With that, he recommends an annual PSA for every man age 50 or older, along with a digital rectal examination — DRE — as a part of a yearly physical examination. “If one has a family history of prostate cancer, it should be started at the age of 40.”

Treatment Options
Traditional and conventional treatment options for prostate cancer include radical prostatectomy — a surgical removal — or radiation therapy. Another option, robotic laparoscopic surgery, is known to alleviate complications and side effects typically related to major surgery.

“In radiation therapy, in addition to external beam therapy, seed implantation became popular, if the patient is a proper candidate,” explained Bahn, who has published many scientific articles relating to the diagnosis and treatment of prostate cancer.

Another treatment called cryotherapy — freezing the prostate using argon gas through needle-like probes via skin punctures — is considered a minimally-invasive procedure. “It is a good compromise between active surveillance (watchful waiting) and radical treatment options (radical surgery, radiation therapy, hormone therapy),” Bahn explained. “Our published data shows good cancer control and high rate of maintaining urinary continence and sexual function with focal therapy.”

Other common treatments include brachytherapy, which is a form of radiation in which tiny pellets containing radioactive material are implanted directly into the tumor-containing prostate, usually under ultrasound guidance. Another option called hormone deprivation therapy uses medications to suppress male hormone production from the body, based on the fact that the male hormone androgen is responsible for tumor growth.

“We believe that a multidisciplinary and multi-team approach allows patients to have a full spectrum of knowledge and a complete understanding of the disease and the available treatment options,” Bahn said. “At each step of the treatment process, we strive to inform our patients in a way that alleviates the fear and anxiety often associated with prostate cancer.”

Ongoing Search for a Cure
Unfortunately, there is no panacea in prostate cancer treatment at this time. As a result, “the prostate should be carefully analyzed by color-Doppler transrectal ultrasound to further define the exact location and extent of the disease,” said Bahn, who is considered a pioneer in color-Doppler ultrasound as well as cryoablation therapy.

It may also be necessary for a patient to undergo other imaging studies, such as a CT, Bone Scan or MRI, to complete the investigation. “This is the only logical way to make a well-informed and educated decision as to treatment.”

Immune therapy and gene therapy trials are now underway, and there are also a few new drugs under investigation.

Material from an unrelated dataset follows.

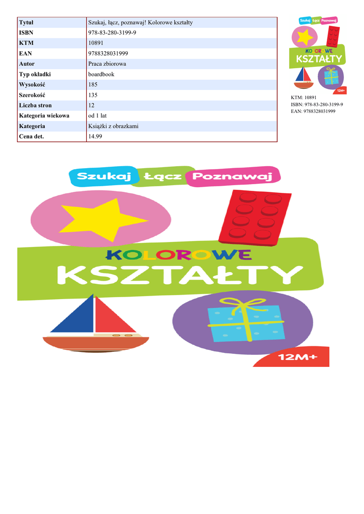 Tytuł Szukaj, łącz, poznawaj! Kolorowe kształty ISBN 978-83
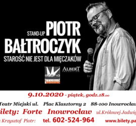 Koncert zewnętrzny: zapraszamy. Piotr Bałtroczyk Stand-up: Starość nie jest dla mięczaków BILETY: W sprzedaży posiadamy: rząd: II, X. Serdecznie zapraszamy. Rezerwacja i sprzedaż biletów: Krzysztof Piotr Pałasz – Fotograf tel. +48 602-524-964 Inowrocław ul. Królowej Jadwigi 2 Bałtroczyk twierdzi, że początek jest ważny, być może nawet ważniejszy […]

“The Prostate Institute of America is involved with multiple clinical trials,” Bahn said. “The most important trial underway is tumor immune therapy — that is cryotherapy with immune stimulation that works like a vaccine. We have FDA approval for this trial and are currently recruiting candidates.”

Ultimately, the mission of the Prostate Institute of America is to empower patients by noting the importance of early detection, and assisting them in making decisions for their care by providing the best possible information regarding their individual situation. “This approach allows the patient to have a full spectrum of knowledge and a complete understanding of the disease and treatment,” Bahn said.